Professore, è corretto dire che il ragazzo sia stato vittima di un raptus?
Meglio non parlare di raptus. C’è il rischio di oscurare i fattori che hanno condotto il ragazzo a compiere il gesto. Il raptus è la via breve, la soluzione che nega che l’essere umano sia capace di commettere il male. Il filosofo Martin Buber, proprio sul tema del male, scrive che “la malvagità dell’azione deriva dalla malvagità del pensiero” e mentre Dio trascende la conoscenza del bene e del male, l’uomo non può superarla.
Se non realizza la volontà di Dio, l’uomo si allontana e dà luogo alla violenza.
Dalle prime ricostruzioni pare che il ragazzo fosse dipendente da giochi on line e per un rimprovero potrebbe aver ucciso la madre.
È vero, le dipendenze fanno sì che l’unica cosa che conta nella vita sia l’oggetto della dipendenza. La dipendenza porta a subordinare tutto, anche le relazioni, all’oggetto della dipendenza. Ma mi sembra troppo meccanica come spiegazione. Altro fattore che intravedo è il rapporto con la virtualità. Quando trasferiamo il rapporto con le immagini che abbiamo nei mondi virtuali nella realtà le persone che incontriamo diventano solo immagini, simulacri privi di corpo.

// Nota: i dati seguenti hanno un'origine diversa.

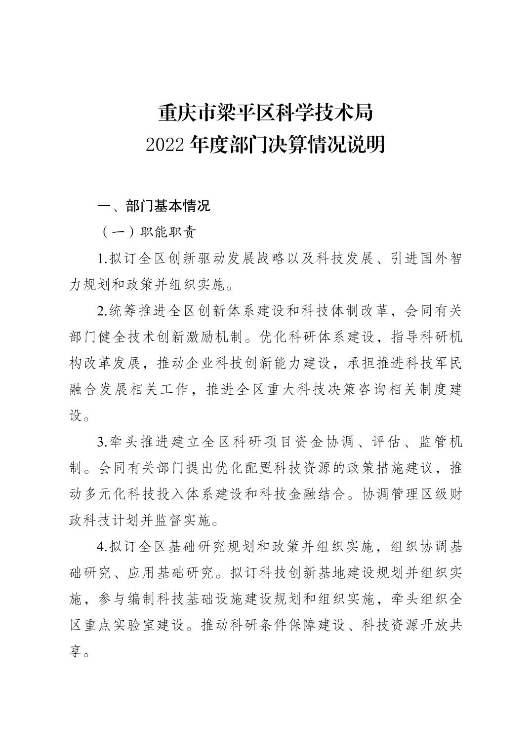| 标题 | 重庆市梁平区科学技术局2022年度部门决算情况说明 |
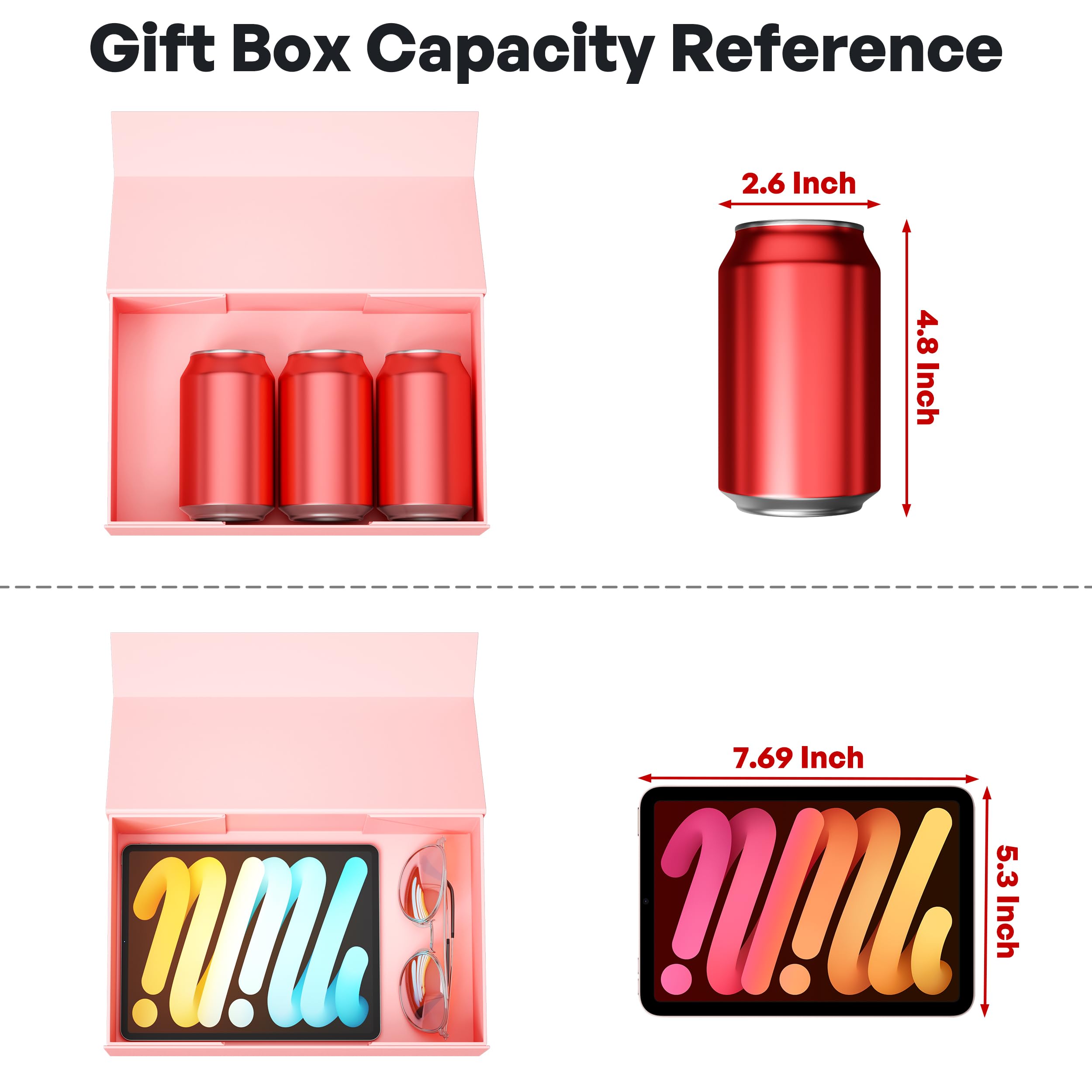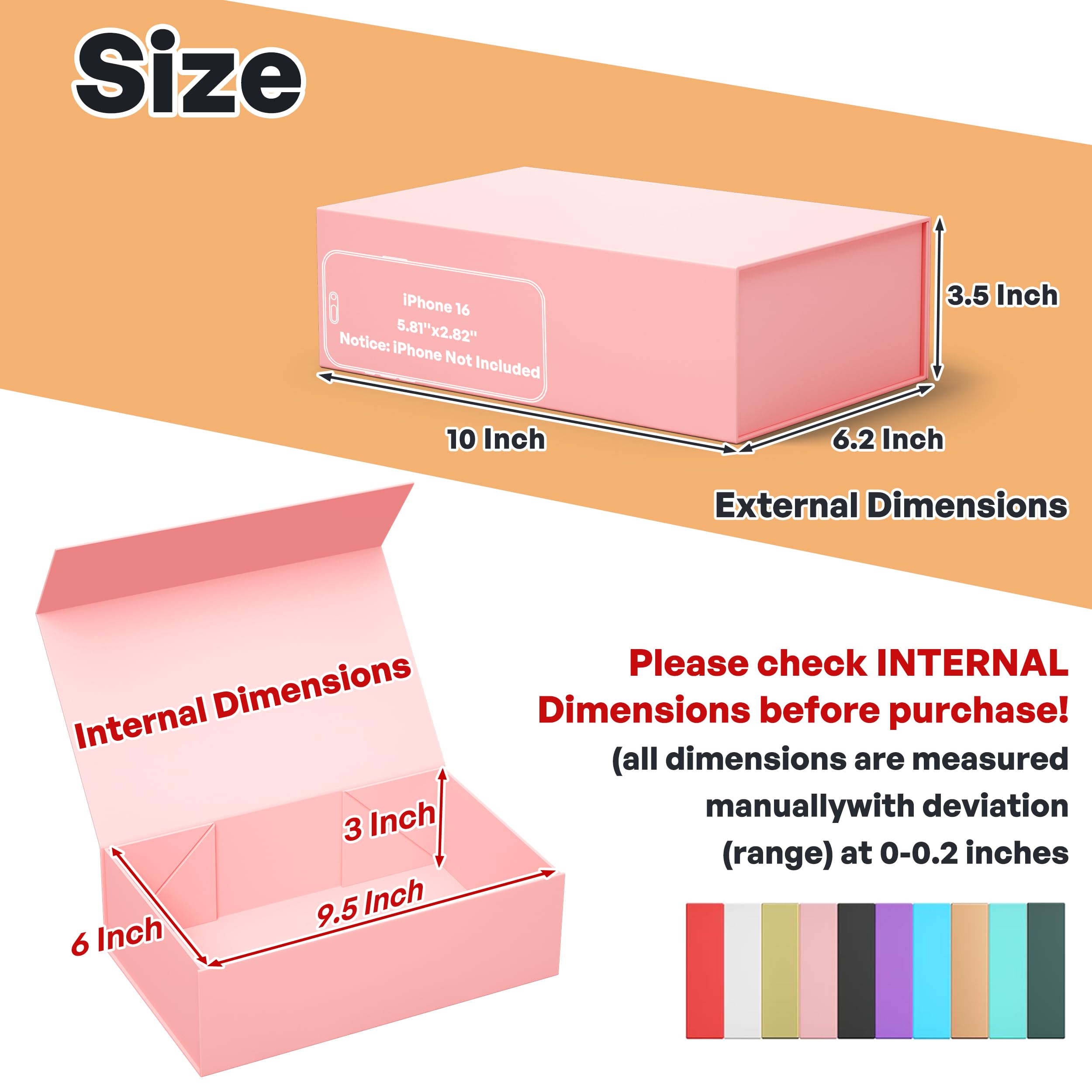 🎁SlZE - Gift boxes for presents External dimensiong 10x6.2x3.5 inches (Internaldimensions are 9.5x6x3 inches),Collapsible gift box can holdchocolates, candies, cosmetics, perfumes, jewelry, candles, cups, souvenirs orsmaller clothing accessories and more.(all dimensions are measured manuallywith deviation (range) at 0-0.2 inches)

Al simulacro posso far cose che non hanno conseguenze. Nel gioco on line non ho l’impressione di far del male perché l’immagine è senza vita. C’è la perdita di capacità di vivere gli altri come persone, le si vive solo come immagini.
Secondo una delle ricostruzioni, sembra che il ragazzo sia uscito sul balcone per dire ai passanti che era stata lei a pugnalarlo per prima o che fosse stato un suicidio.
Tipica della nostra cultura è l’incapacità di affrontare la propria colpa. Vi è un rifiuto. La prima cosa che si fa è cercare di giustificarsi. Si innesca un meccanismo per cui la persona elabora una serie di attenuanti con cui crede di non essere realmente colpevole perché è vittima di circostanze. Nella nostra cultura è molto diffuso.
Le prime parole agli investigatori sembra siano state “le volevo bene, non avevo intenzione di ucciderla”.
Si tende a giustificare l’azione malvagia a livello psichico. Anche sul caso della madre che ha ucciso la figlia nel catanese circola la spiegazione che fosse in quel momento fuori di sé. È un tentativo di patologizzare una condotta per non affrontare la colpa. Nella nostra cultura è saltata la differenza fra genitore e figlio, fra educatore ed educando. Non c’è più una asimmetria, caratteristica di ogni relazione educativa. Anche i comandamenti dicono “Onora il padre e la madre”. Questo però ormai è spazzato via dalla cultura. Non c’è la riconoscenza di un debito per aver ricevuto la vita da un’altra persona. In questo specifico caso, il ragazzo era stato adottato ma aveva comunque il debito della vita affettiva ricevuta dai genitori.